Tuesday, September 18, 2012

Pole Practice



First class of intermediate pole. My muscles were still sore from my brilliant decision to take a class called “Tush & Abs”, last night. 

Quick aside: I can’t believe that I’m taking so many classes, lately. I never used to be a “group exercise” kind of girl. Once again, yoga was my gateway drug. 

In any case, I went into this class with tired muscles. “This is going to suck,” I thought. But then I remembered that this wasn’t really me speaking. It was my Wicked Stepmother who had expectations of how I should be, should perform, in class. Flexing that self-compassion muscle, the Real Me responded “I may be tired, but I’m going to do whatever it is I can do and see what happens.”  Somehow this simple declaration made me feel better. I was leaving the future open for whatever was to happen rather than deciding how it would go.

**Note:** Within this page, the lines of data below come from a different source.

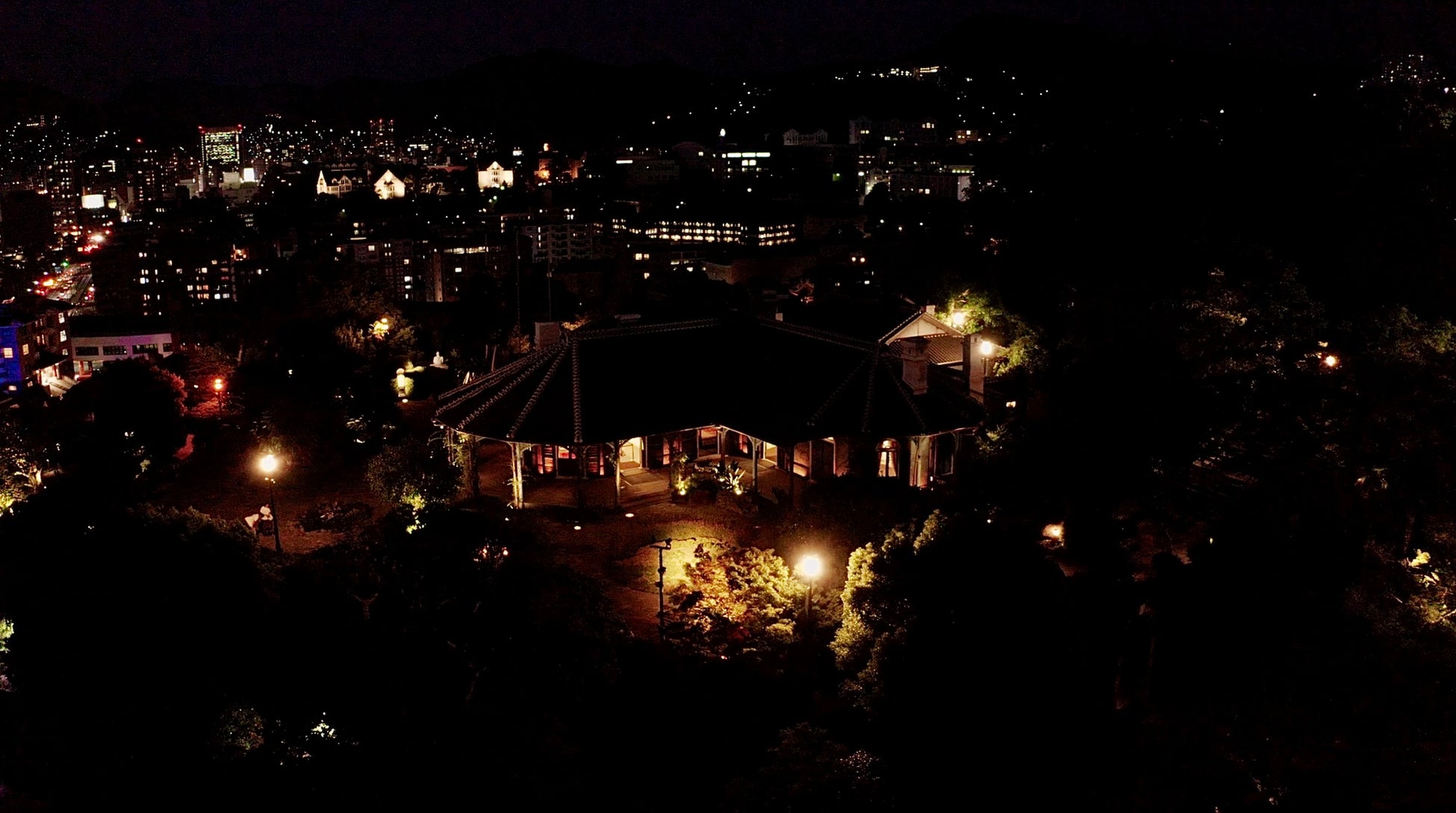 世界遺産旧グラバー住宅、重要文化財旧リンガー住宅など、長崎グラバー園の歴史的文化財の美しさ、 魅力を引き立たせる照明演出と、長崎を舞台としたオペラ「マダム・バタフライ」をテーマとした異国情 緒あふれるジャポニズムの世界観をイマーシブな最新デジタルテクノロジーが演出するプログラムは、 国内外の観光客の注目を集め、夜宴を華やかに盛り 上げます。また、グラバー園から見る夕暮れのマジックアワーは絶景の美しさ。光と色が交差するビジ ュアルコンテンツが、長崎のクリスマスシーズンを鮮やかに彩ります。
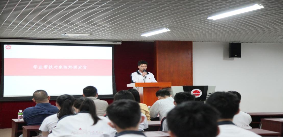 會上,艾贛鋒結合學生學業的基本情況,從工作思路、工作目標、組織架構和具體措施等四個方面詳細介紹了“學業護航計劃”實施方案及黨員“1+1”精準幫扶實施計劃。學業幫扶員梁婉甄同學從課前預習、課中記錄、課后回顧分享了個人的學習心得和幫扶經驗。退役轉專業學生陳煒聰作為幫扶對象上臺發言,希望通過“學業護航計劃”之黨員“1+1”精準幫扶活動激發學習動力,優化學習效力,從而解決學習過程中遇到的各種問題,最終形成系統的學習方法。
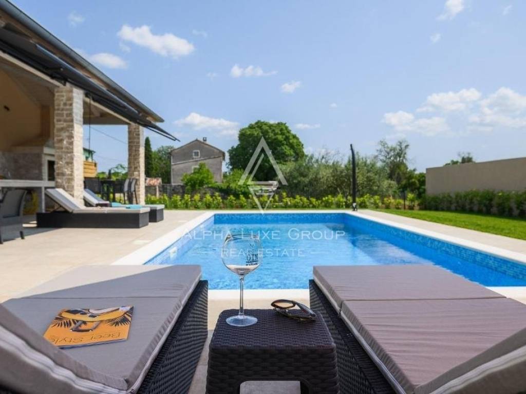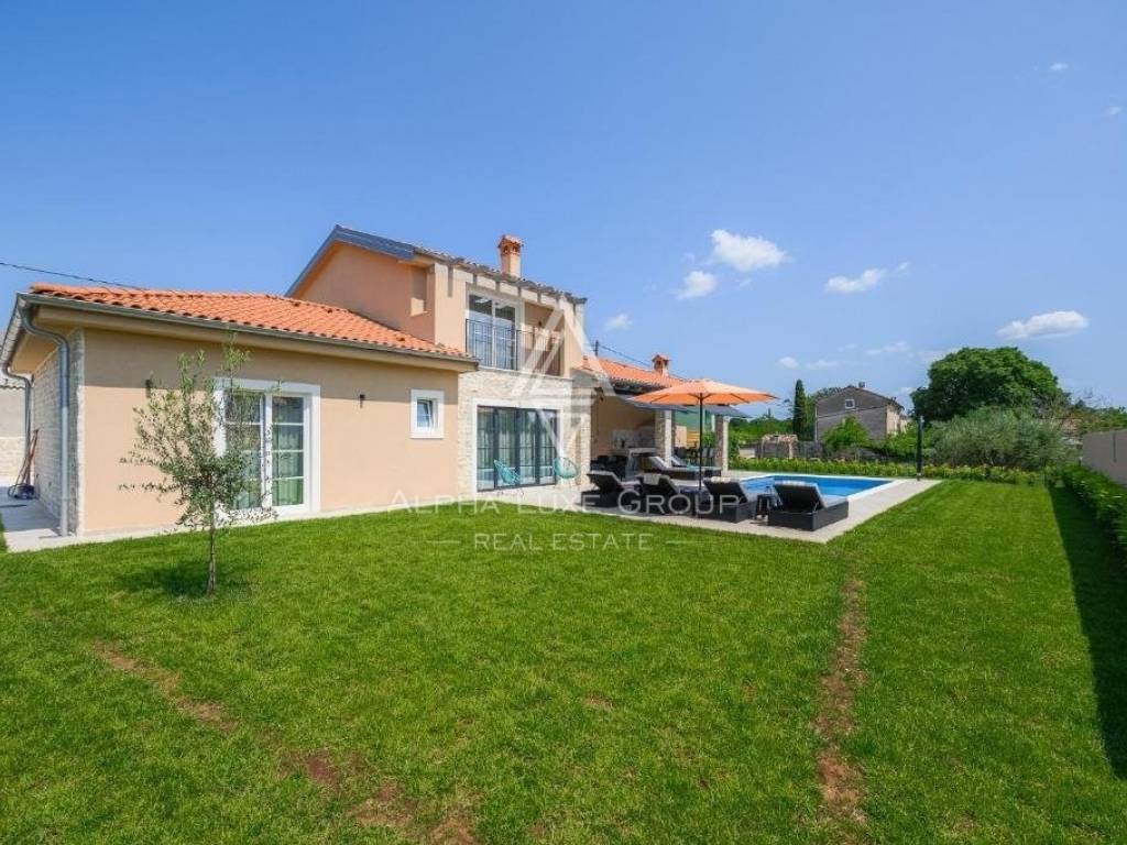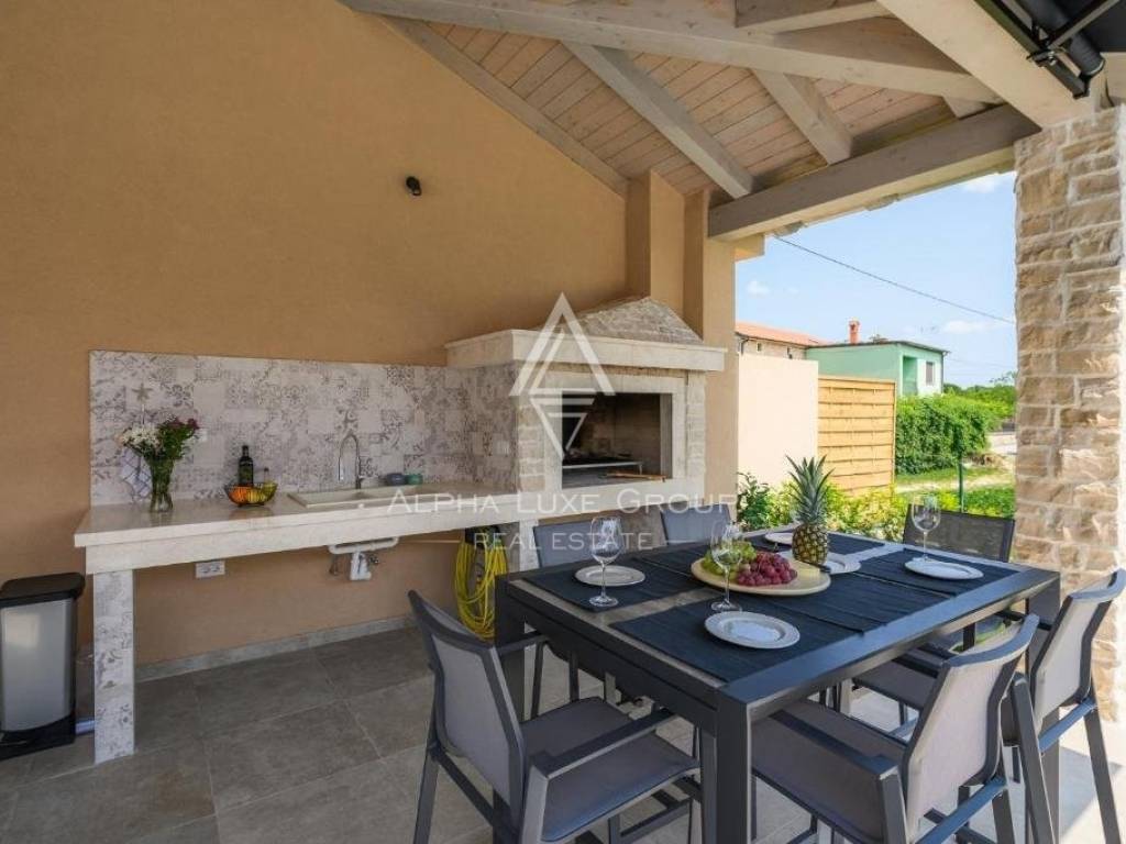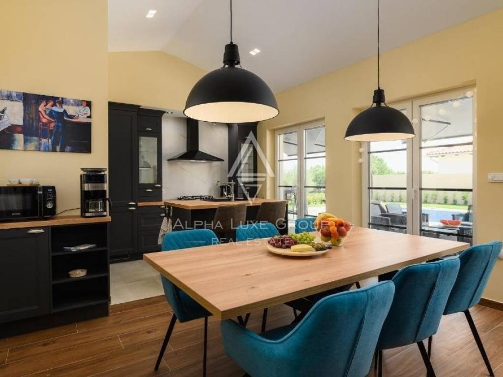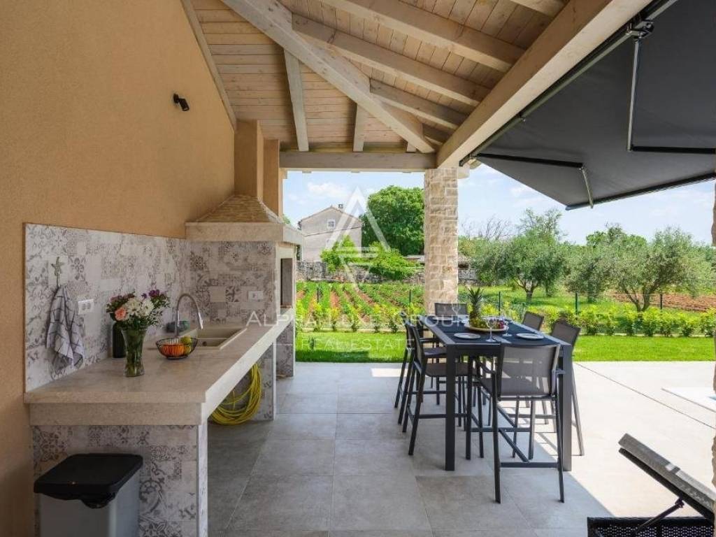 In the tranquil village of Kanfanar, nestled in the heart of Istria's hinterland, a stunning home offering modern comforts and timeless architecture is available for purchase. Just a 15-minute drive from Rovinj, this property provides a blend of mild Mediterranean climate and the natural landscape of inner Istria, appealing to both nature lovers and those appreciative of historical heritage.

Class was good. It helped that I had been working on some Intermediate moves while still in Beginner II. Right now, I’m polishing my Butterfly, Extended Butterfly and Superman. It’s amazing how these moves seemed The Great Aspiration at the beginning of the summer yet now that I’m able to do them, they seem pretty routine. It reminds me how tenuous basing your life on achieving goals can be. Achieving them may make you joyous for a week, a day, or an hour, but then there is always something else. You aren’t necessarily happier once you grasp the brass ring.
Even having these moves under my belt isn’t the end of the story. The variations and transitions on each are endless. Today I almost fell over trying to get into the Extended Butterfly sideways. It’s a good thing I can laugh at myself. 

So, while I’m acknowledging my progress, I know that these are just milestones in my journey. To be recognized, celebrated, but not clung to.